At face value, In Bruges – a pulp fiction take on Beckett’s Waiting For Godot – is about the exploits of Ray (Colin Farrell) and Ken (Brendan Gleeson), two hit men laying low in Belgium while awaiting further instruction from their boss Harry (Ralph Fiennes). Ray is plagued with a guilty conscience after a job went wrong, eventually driving him to suicidal intent around the same time Ken learns that Harry’s further instruction is to kill Ray. There are plenty of brutally funny lines and violent slapstick that people like to quote, but beneath the surface, the film is a parable about the value of life and the possibility of redemption. Standing between Harry’s designs on Ray, and Ray’s designs on himself, Ken insists on a measure of mercy so that Ray has a chance to make something of his life. It is new testament sentiment with postmodern grit, recalibrated for an audience jaded by irony and sensationalism, making the case that whatever law or misery compels us, grace and redemption are real and possible as an alternative to letting violence beget violence.
The idea of being your own moral authority tracks through Seven Psychopaths, most successfully in the character of Christopher Walken’s Hans, a Quaker with a vengeful streak. When gangsters attempt to intimidate his friend, Hans instructs him to ‘have some pride in yourself, have some faith in Jesus Christ as your lord and don’t tell [these people] a thing’. Later, when a gangster points a gun at him and tells him to raise his hands, he asks ‘Why?’. He will not give in to petty tyranny as he is reconciled to the world in its viciousness (as illustrated in his backstory) and acts as the model for convictions – old testament, new testament, and Buddhist. One of the more poignant messages of the film comes in the form of Hans riffing on the story of Thích Quảng Đức, a monk who self-immolated in protest of the Vietnam war. Hans imagines a fellow monk pleading with Thích to desist as it won’t help the cause. Thích Quảng Đức responds ‘It might’ and commits the act: a powerful example of sacrifice and rebellion against oppression. It is an extreme example too, but we should accept it in the spirit that it’s given – our acts of resistance may be doomed to fail against a formidable enemy and world in crisis, but in our dissent, we keep the possibility of a better world alive. Try again, fail again, fail better.
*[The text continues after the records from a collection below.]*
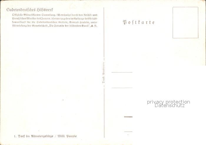 Kuenstlerkarte Willi Paupie Dorf Altvatergebirge Sudetendeutsches Hilfswerk postalisch nicht gelaufen Erhaltung siehe scans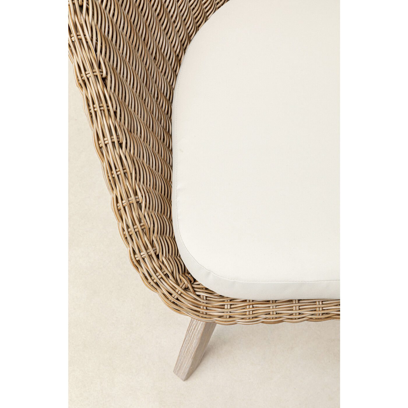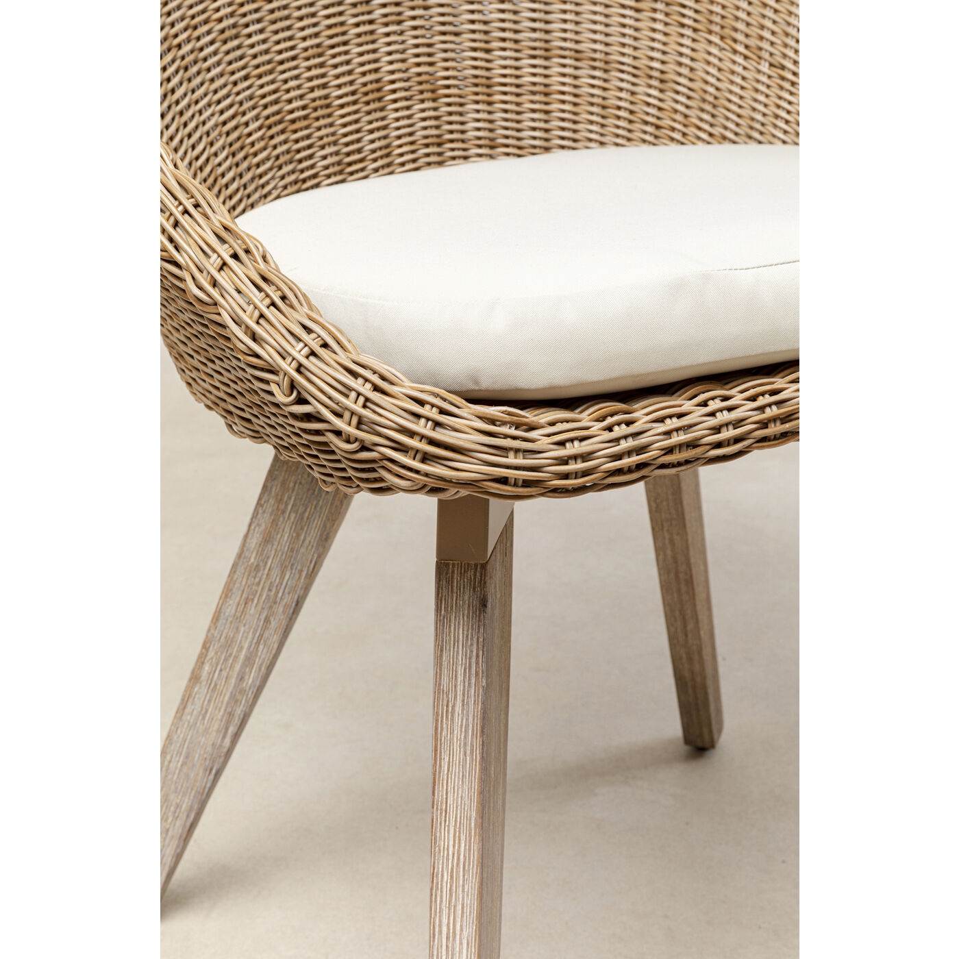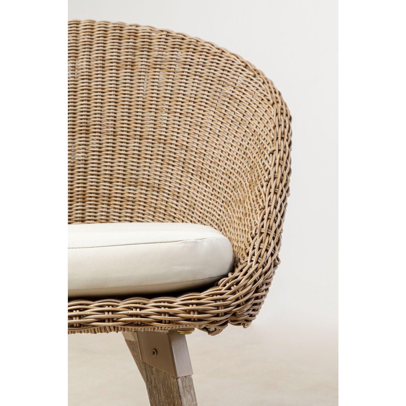 With this modern armchair, you will be investing in high-quality materials and a design that will outlast trends. Our chair for balconies, patios and gardens is designed to be a centrepiece indoors too, for example at the dining table. The rattan weave highlights the natural furnishing style. The acacia wood used for the legs is particularly robust, ensuring the longevity of this outdoor chair.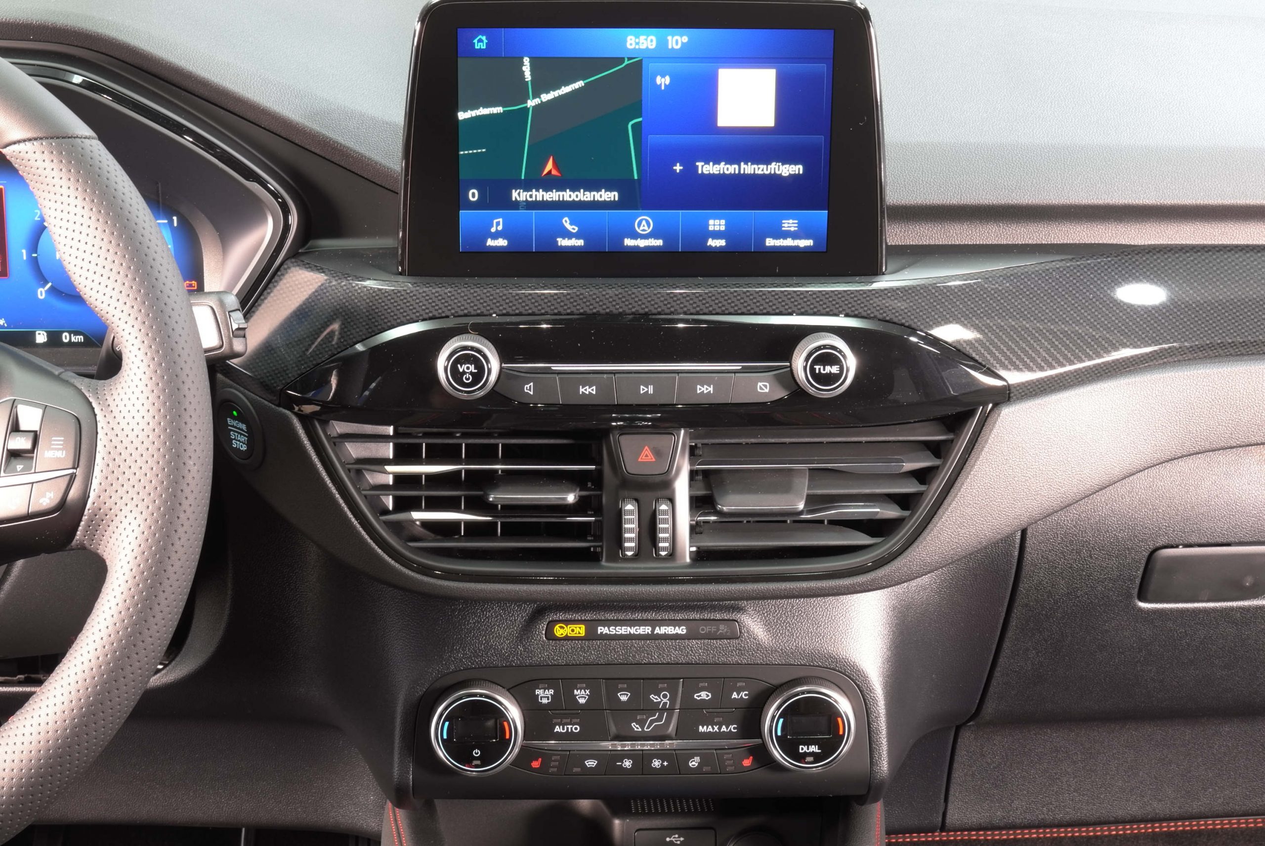Zu Ihrer Unterhaltung bietet dieser Kuga ein Radio mit Lenkradbedienung und USB-Anschluß. Ebenso gibt es das Navigationssystem mit großem Touchscreen und das Bluetooth Freisprechsystem SYNC3. Die können telefonieren ohne ihr Handy aus der Tasche nehmen zu müssen. Ebenso können Sie drahtlos Musikdateien vom Handy aufs Telefon übertragen. Mittels DAB können Sie digitales Radio in besonderer Qualität empfangen. Via AndroidAuto oder AppleCarPlay können Sie Apps vom Handy aufs Display kopieren, z.B Maps, Whatsapp etc. An der induktiven Ladestation können Sie das Handy kabellos laden.\\ \\
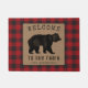 Welcome Family Cabin Rustic Bear Red Buffalo Plaid Doormat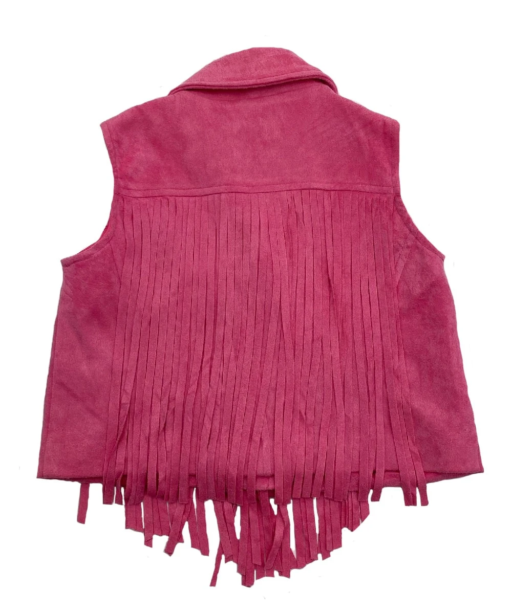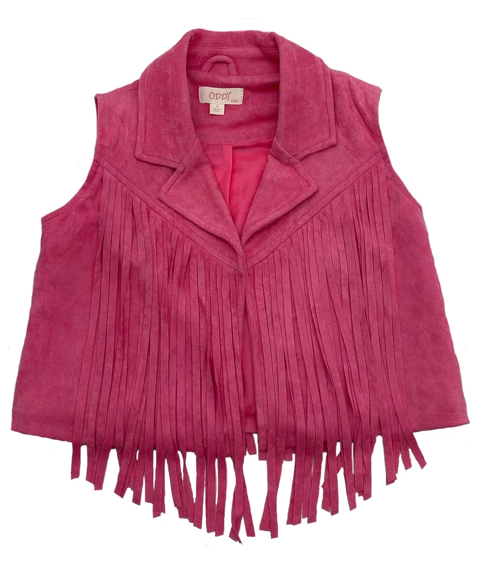 92% Polyester; 8% Spandex; Faux Suede; Cropped; Fringe Along Front And Back; Color: Bubble Gum Pink; Style #IJ14949K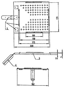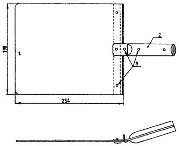 Размеры в миллиметрах 1 - плоский лист из алюминия или нержавеющей стали (толщина 2 мм); 2 - рукоятка; 3 - заклепки Рисунок А10 - Экранирующая пластина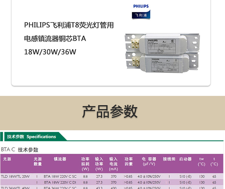 PHILIPS/飞利浦 T8电子镇流器 EB-C 136 TLD 1*36W 1个 |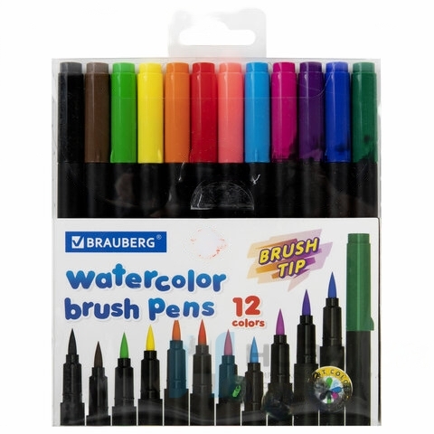 Фломастеры с наконечником-кистью 12 цветов, вентилируемый колпачок, BRAUBERG "PREMIUM", 152195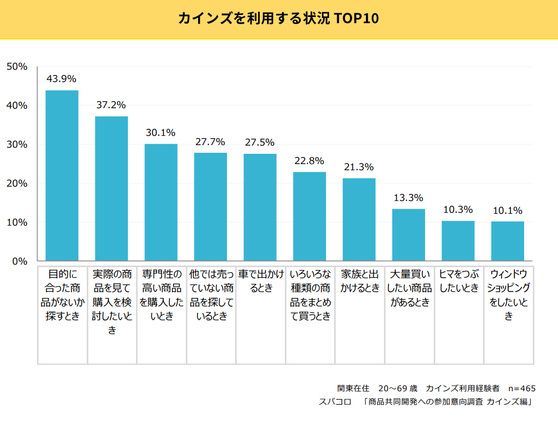 カインズユーザーはどんな時にカインズにいくのでしょうか?カインズを利用する状況は、上位から「目的に合った商品がないか探すとき」(43.9%)、「実際の商品を見て商品を検討したいとき」(37.2%)、「専門性の高い商品を購入したいとき」(30.1%)が続いています。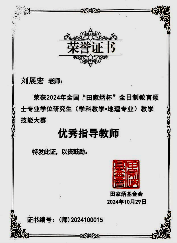 2023级学科教学(地理)专业研究生郭心怡荣获全国一等奖,刘展宏教师获“优秀指导教师”奖。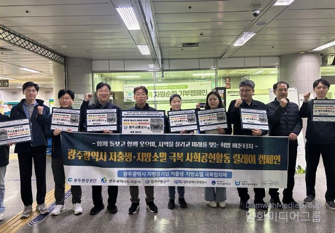 시민행정신문 강갑수 기자 | 광주교통공사(사장 조익문)는 13일 광주시 서구 상무역에서 ‘저출생, 지방 소멸 극복 캠페인’을 펼치고, 최근 사회 주요 이슈 중 하나인 고령화 및 출산율 감소 등 인구 문제에 대한 사회적 공감대 확산에 나섰다.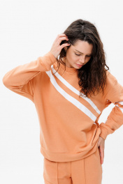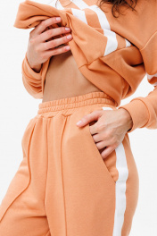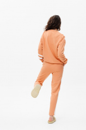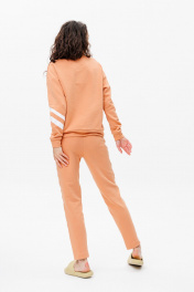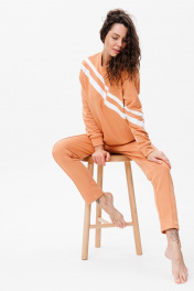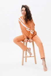 Костюм прямого кроя с белыми полосками по диагонали на свитшоте и по бокам на штанах обеспечит свободу движений, в то время как терракотовый цвет в сочитании с оригинальными полосками выделит вас из толпы.Штаны с карманами ,снизу на резинке. Натуральная дышащая ткань создаст максимальный комфорт и удобство в эксплуатации.Длина свитшота 61 см, длина брюк 109 см

Whilst I don’t have time to really get into it, I must briefly mention Martin McDonagh’s brother John McDonagh, whose film Calvary is a bracing articulation of faith and integrity in stewardship of neglected souls, commanded by the infinite sympathy of Brendan Gleeson’s face in the guise of a Catholic priest. It is a study of a man beneath the vestments, his genuine concern for people, the sad realities of their self-destructive habits, and his community. It is morally complex and nobody comes out of it clean (not least the Catholic church), but it turns both heart and mind to considerations of how alienation is a corrupting force, and that our responsibility for ourselves and accountability to each other is the broadest church and the one true faith.
For a nation that has suffered English oppression, enforced starvation, civil strife, and mass exodus, Irish literature is rebellion and it is consolation, naming the darkness and laughing at it, keeping the faith that a better world is possible. This St Patrick’s Day, we can take on these lessons to navigate the trouble ahead and have a laugh whilst we’re at it.